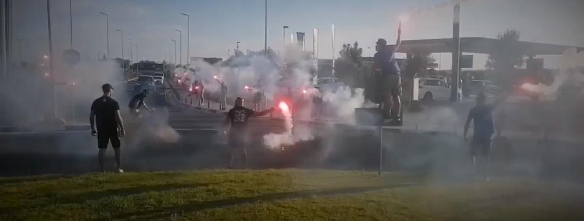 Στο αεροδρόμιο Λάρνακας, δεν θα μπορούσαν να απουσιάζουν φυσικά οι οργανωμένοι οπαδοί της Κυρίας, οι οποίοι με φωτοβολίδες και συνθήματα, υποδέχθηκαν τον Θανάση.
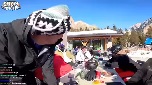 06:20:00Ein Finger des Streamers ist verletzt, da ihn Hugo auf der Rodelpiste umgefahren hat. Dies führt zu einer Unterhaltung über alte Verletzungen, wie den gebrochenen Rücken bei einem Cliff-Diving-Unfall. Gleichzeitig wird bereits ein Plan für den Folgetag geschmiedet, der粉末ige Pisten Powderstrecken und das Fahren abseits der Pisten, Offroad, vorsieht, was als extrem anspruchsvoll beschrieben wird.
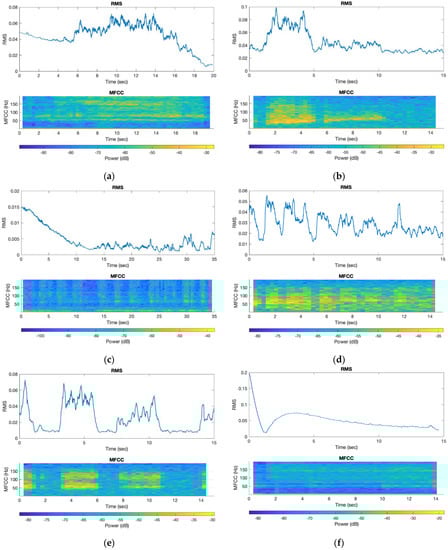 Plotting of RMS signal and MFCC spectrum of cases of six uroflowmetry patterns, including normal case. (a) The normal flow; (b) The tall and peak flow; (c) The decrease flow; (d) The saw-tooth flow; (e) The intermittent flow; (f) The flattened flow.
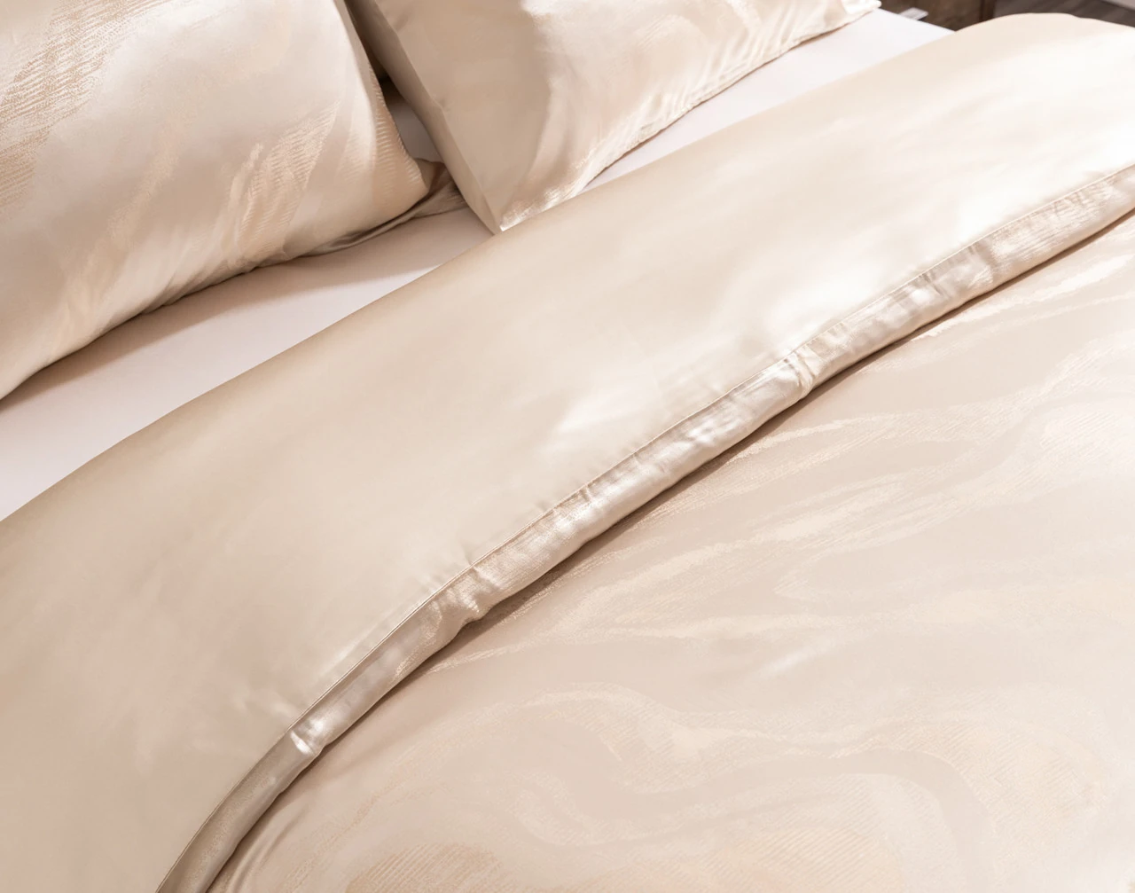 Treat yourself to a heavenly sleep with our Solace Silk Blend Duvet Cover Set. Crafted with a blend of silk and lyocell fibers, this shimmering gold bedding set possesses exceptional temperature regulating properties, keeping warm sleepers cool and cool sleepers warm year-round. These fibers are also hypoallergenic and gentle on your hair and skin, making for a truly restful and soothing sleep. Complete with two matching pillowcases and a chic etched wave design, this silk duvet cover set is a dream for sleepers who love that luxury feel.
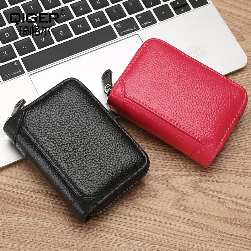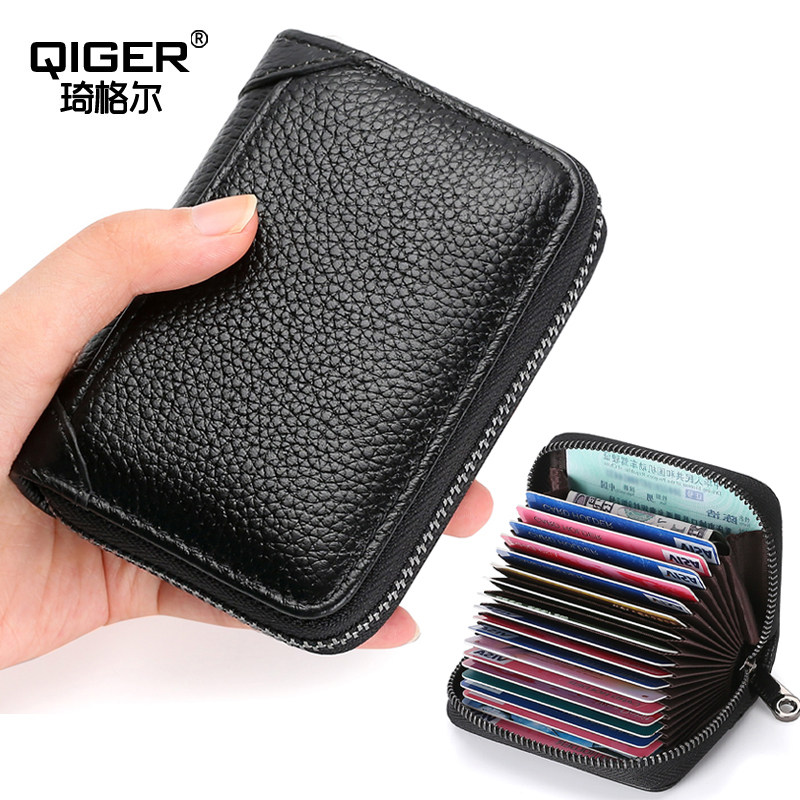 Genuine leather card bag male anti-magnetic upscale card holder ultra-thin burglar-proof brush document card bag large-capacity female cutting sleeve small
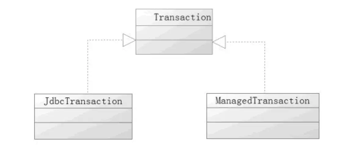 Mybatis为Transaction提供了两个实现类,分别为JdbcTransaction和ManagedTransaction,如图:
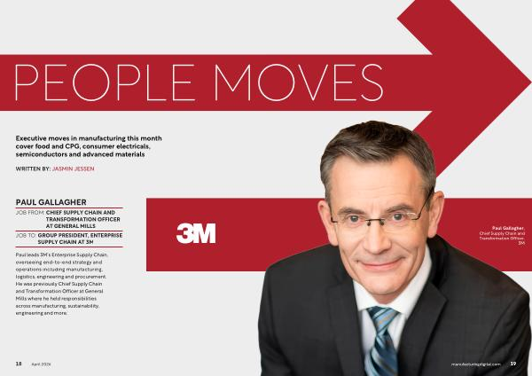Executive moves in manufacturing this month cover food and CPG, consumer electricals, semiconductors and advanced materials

...

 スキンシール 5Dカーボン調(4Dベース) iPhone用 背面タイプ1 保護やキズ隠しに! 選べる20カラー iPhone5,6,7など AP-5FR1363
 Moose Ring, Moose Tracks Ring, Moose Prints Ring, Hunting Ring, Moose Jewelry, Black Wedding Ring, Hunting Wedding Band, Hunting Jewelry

#### What to work on:
Starting with the line that contains "Στο αεροδρόμιο Λάρνακας, δεν" and finishing with the line that contains "06:20:00Ein Finger des", reproduce every line of the material above exactly, but not the pictures.

#### Written response:
 Στο αεροδρόμιο Λάρνακας, δεν θα μπορούσαν να απουσιάζουν φυσικά οι οργανωμένοι οπαδοί της Κυρίας, οι οποίοι με φωτοβολίδες και συνθήματα, υποδέχθηκαν τον Θανάση.
 06:20:00Ein Finger des Streamers ist verletzt, da ihn Hugo auf der Rodelpiste umgefahren hat. Dies führt zu einer Unterhaltung über alte Verletzungen, wie den gebrochenen Rücken bei einem Cliff-Diving-Unfall. Gleichzeitig wird bereits ein Plan für den Folgetag geschmiedet, der粉末ige Pisten Powderstrecken und das Fahren abseits der Pisten, Offroad, vorsieht, was als extrem anspruchsvoll beschrieben wird.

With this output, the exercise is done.